Ce site, qui avait autrefois abrité des installations de la Monusco, semble aujourd'hui livré à lui-même. La présence de ces bus immobilisés dans un tel cadre pose avec acuité la question de la gestion post-Monusco des espaces et des équipements publics à Kananga.
DE L'ESPOIR À L'IMMOBILISME
L'arrivée des bus Transco dans plusieurs villes de la République démocratique du Congo avait été saluée comme une réponse concrète aux difficultés chroniques de mobilité urbaine. À Kananga, leur mise en circulation avait suscité un réel enthousiasme au sein de la population, confrontée depuis des décennies à un transport public insuffisant, coûteux et souvent dangereux.
Cependant, l'état actuel de ces véhicules trahit une rupture nette entre les ambitions initiales et la réalité actuelle. Faute de maintenance régulière, de pièces de rechange, d'un cadre de gestion efficace ou encore de financements adaptés, ces bus se sont progressivement immobilisés, jusqu'à devenir de simples carcasses métalliques exposées aux intempéries.
Interpellation
Au-delà de l'aspect visuel choquant, la situation soulève de sérieuses interrogations institutionnelles. Qui est responsable de la gestion et de la conservation de ces bus? Quelles dispositions ont été prises pour assurer leur entretien ou leur remise en service ? Pourquoi un patrimoine public aussi stratégique est-il laissé à l'abandon dans un site aussi sensible que l'ancien quartier de la Monusco ?
Pour de nombreux observateurs locaux, cet état de fait reflète un problème plus large de coordination entre les autorités provinciales, les services de Transco et les instances nationales en charge du transport urbain.

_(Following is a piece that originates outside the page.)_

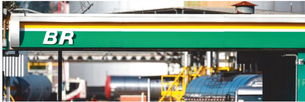
PRESIDENTE DISSE QUE FOCO SERÁ PREÇO DO COMBUSTÍVEL E QUE O VILÃO É O ICMS

O presidente Jair Bolsonaro afirmou, nesta segunda-feira (1º), que a Petrobras deverá anunciar um novo reajuste do preço dos combustíveis em 20 dias. A declaração foi feita a jornalistas em Anguillara Veneta, na Itália, após o chefe do Executivo ter sido questionado se a prioridade no retorno ao Brasil seria o Auxílio Brasil, programa que substituirá o Bolsa Família. Ele respondeu que o foco será o preço do combustível e destacou que o vilão do preço é o Imposto sobre Circulação de Mercadorias e Serviços (ICMS). "A prioridade é o preço do combustível. Eu não quero falar agora, vi muito rapidamente, o lucro da Petrobras. A Petrobras é em parte estatal, né, e monopolista. Se bem que o vilão do preço do combustível é o ICMS que incide em cima do preço final na bomba e não na origem", apontou.

L'immobilisation de ces bus n'est pas sans conséquences pour la population de Kananga. Dans une ville en pleine expansion démographique, la rareté des moyens de transport collectifs accentue les difficultés de déplacement, renchérit le coût du transport et pèse lourdement sur le quotidien des travailleurs, des élèves, des étudiants et des commerçants.